Stored data =
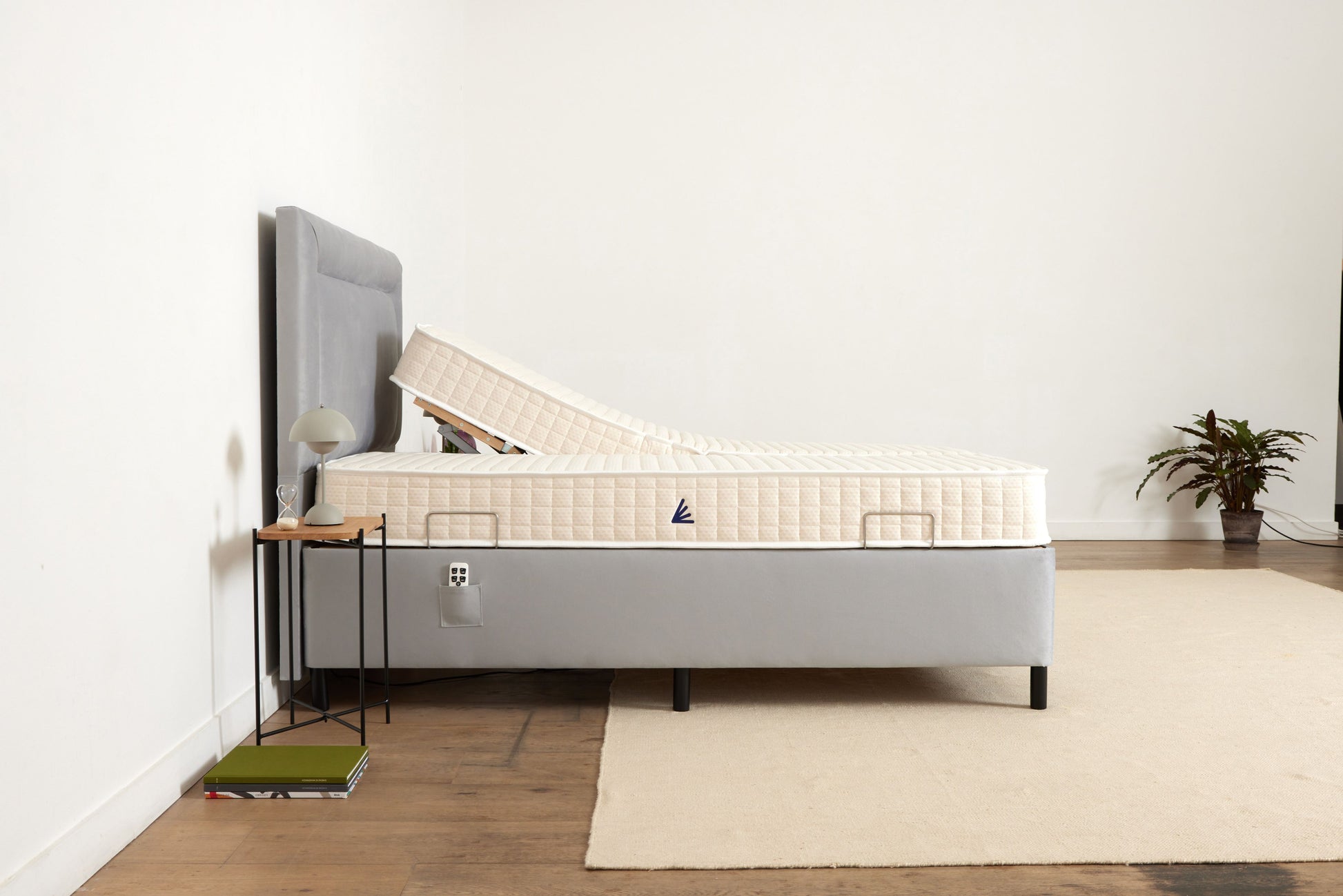 Foam core mattress that moves with the bed frame. Covered in a three inch pressure-relieving smart foam layer to mould to the body. Covered in all natural, chemical free, certified organic materials which includes heat regulating lambswool for comfort and moisture wicking organic cotton for softness.
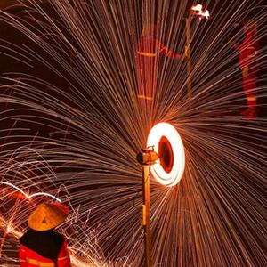 8月16日晚,在鄂爾多斯文化產業園景區,民間藝人表演“鐵花秀”。
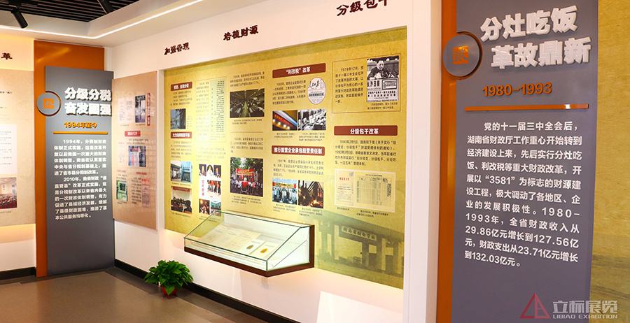 湖南省財政廳歷史陳列館是一個湖南省財政歷史的象征和文化建設(shè)的重要標志,是展示歷史、文化傳承的重要窗口。 展館主要以現(xiàn)代電子觸摸屏與傳統(tǒng)圖文展板相結(jié)合,配以部分有歷史感的實物,回顧省財政廳的風雨歷程,展示財政工作對湖南經(jīng)濟社會發(fā)展所發(fā)揮的宏觀調(diào)控、政策保障和資金支持作用以及財稅文化的深厚底蘊。綜合采用實物、圖片、文字、觸摸屏手段等方式展現(xiàn),按照“內(nèi)容實事求是、文字準確精煉、設(shè)計前瞻新穎、布展美觀大方、通盤留有余地”思路進行。
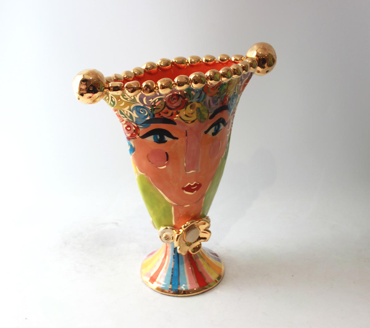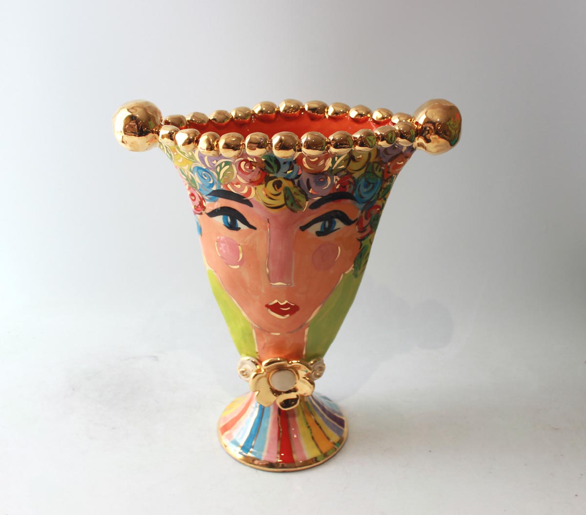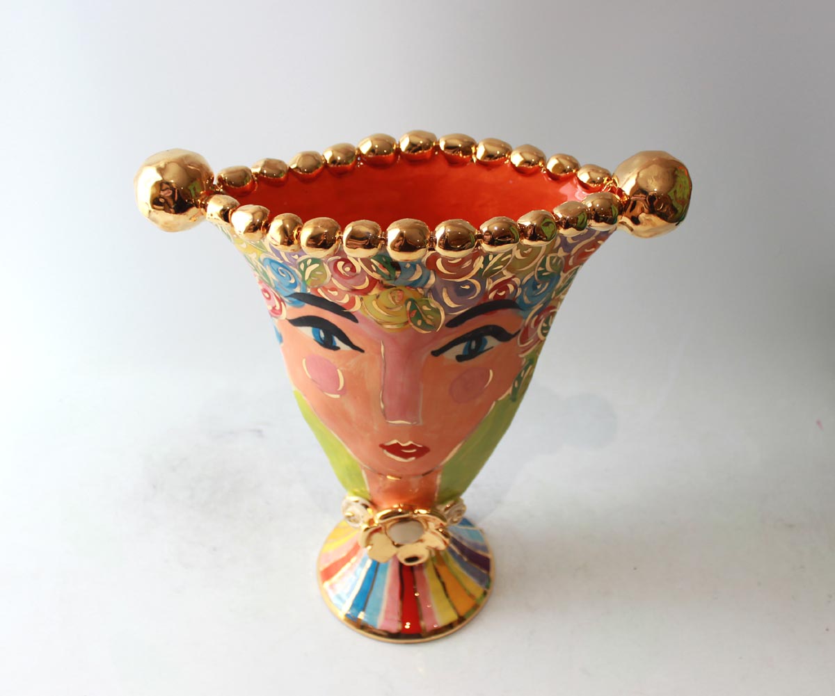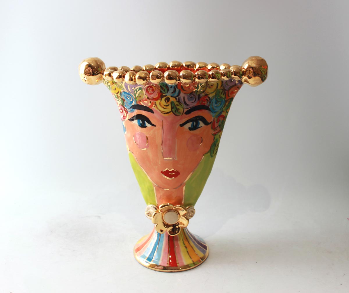 This Vase has a slightly different shape than usual...its called a "Gondola Vase" and this one features a rather glamorous lady who has brightly multicoloured Pastel Rosebush for hair and is flecked in accents of 24 carat gold! The rim is encrusted with ceramic gold beads and the piece stands around 14 inches in height
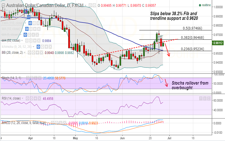 - AUD/CAD is extending downside from 2-month highs of 0.9745 hit on Friday (0.9746 is 50% Fib retrace of Dec 2015 to May 2016 fall).

What you have to do = Leave the pictures out and repeat exactly the lines from the beginning of the records to the line bearing "湖南省財政廳歷史陳列館是一個", both ends counted.

Answer to the problem =
 Foam core mattress that moves with the bed frame. Covered in a three inch pressure-relieving smart foam layer to mould to the body. Covered in all natural, chemical free, certified organic materials which includes heat regulating lambswool for comfort and moisture wicking organic cotton for softness.
 8月16日晚,在鄂爾多斯文化產業園景區,民間藝人表演“鐵花秀”。
 湖南省財政廳歷史陳列館是一個湖南省財政歷史的象征和文化建設(shè)的重要標志,是展示歷史、文化傳承的重要窗口。 展館主要以現(xiàn)代電子觸摸屏與傳統(tǒng)圖文展板相結(jié)合,配以部分有歷史感的實物,回顧省財政廳的風雨歷程,展示財政工作對湖南經(jīng)濟社會發(fā)展所發(fā)揮的宏觀調(diào)控、政策保障和資金支持作用以及財稅文化的深厚底蘊。綜合采用實物、圖片、文字、觸摸屏手段等方式展現(xiàn),按照“內(nèi)容實事求是、文字準確精煉、設(shè)計前瞻新穎、布展美觀大方、通盤留有余地”思路進行。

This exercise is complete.